AVAILABILITY/UPTIME FOR THE VENDOR ENVIRONMENT
The “Vendor Environment” consists of the servers, storage and networking hardware, operating systems, database management systems and operating platforms and all application software, including Vendor desktop agent software, as well as computers owned by Vendor, that are required to be provided by Vendor to perform the Services contemplated in the Agreement. The “Comcast.com Environment” consists of the servers, storage and networking hardware, operating systems, database management systems and operating platforms and all application software, as well as computers owned by Comcast and those of its agents, that are required to be provided by Comcast to its customers and in relation to the Services contemplated in the Agreement.
For the purpose of this Exhibit, “Vendor Software” includes all software applications provided by Vendor (whether developed by Vendor or any third party) intended to run on the Vendor Environment to provide the Services contemplated in this Agreement.

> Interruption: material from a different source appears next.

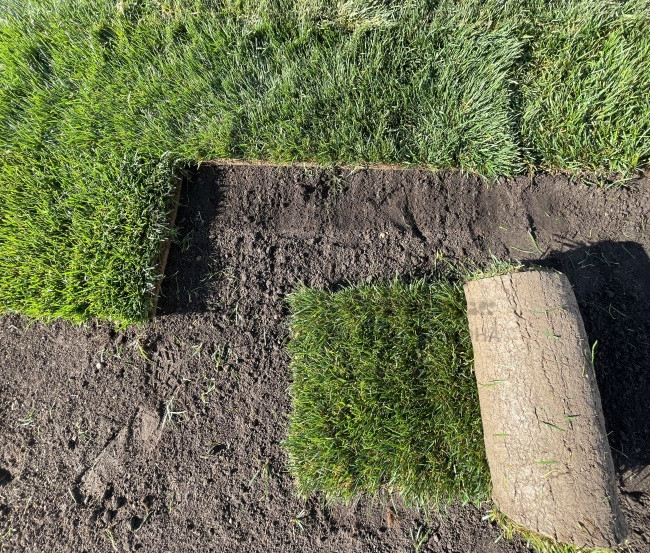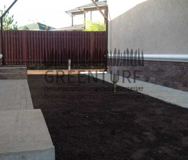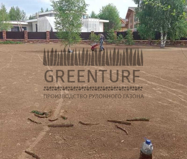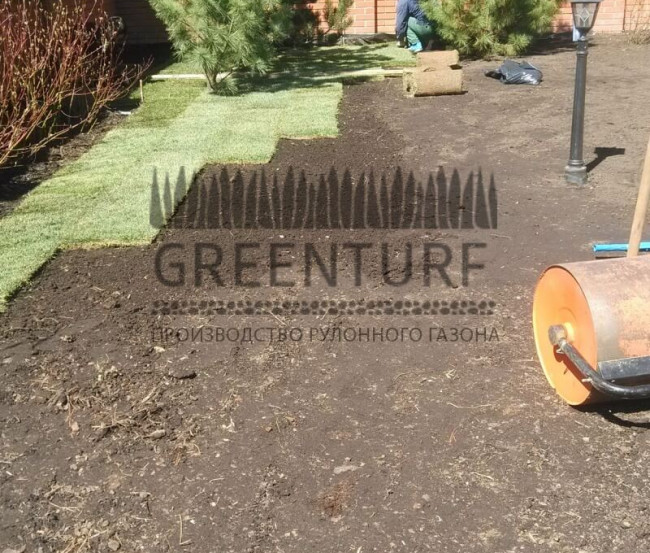 Перед укладкой рулонного газона тщательно готовим основание — рыхлим почву, вносим удобрения и средства от сорняков.

The following Service Level Agreement (“SLA”) covers the following approach:
Comcast Environment Responsibilities
Vendor Environment Responsibilities
Host / manage:
•****
•****
•****
•****
Plus:
•Support API transactions between Comcast and Vendor (when Comcast design / development complete)
Host / manage:
•Vendor desk top agent software
•Vendor ACD, IVR and voice circuits / data links
•Vendor CRM
•Vendor chat client
•All other servers, storage and networking hardware, operating systems, database management systems and operating platforms used by Vendor to support Signature Support services end to end
Plus:
•Vendor Software APIs

Scheduled Maintenance. Periodic maintenance on the servers and system elements that support the Vendor Environment, for purposes of system upgrades, maintenance, and backup procedures (“Scheduled Maintenance”) will be scheduled by Vendor and coordinated with Comcast personnel. Primary hours of Vendor Service Level Standard Support operation are 24x7, less Scheduled Maintenance. Scheduled Maintenance may take place on Tuesday, Wednesday, or Thursday evenings, or some combination thereof up to two (2) days per week, between the hours of 11:00 p.m. and 3:00 a.m, Pacific Time, or on some other schedule as mutually agreed by the Parties. If emergency maintenance is needed to fix critical security vulnerabilities, Vendor will notify Comcast as soon as possible. Comcast acknowledges that it may be necessary for Vendor to begin work and/or apply fixes prior to notification of Comcast.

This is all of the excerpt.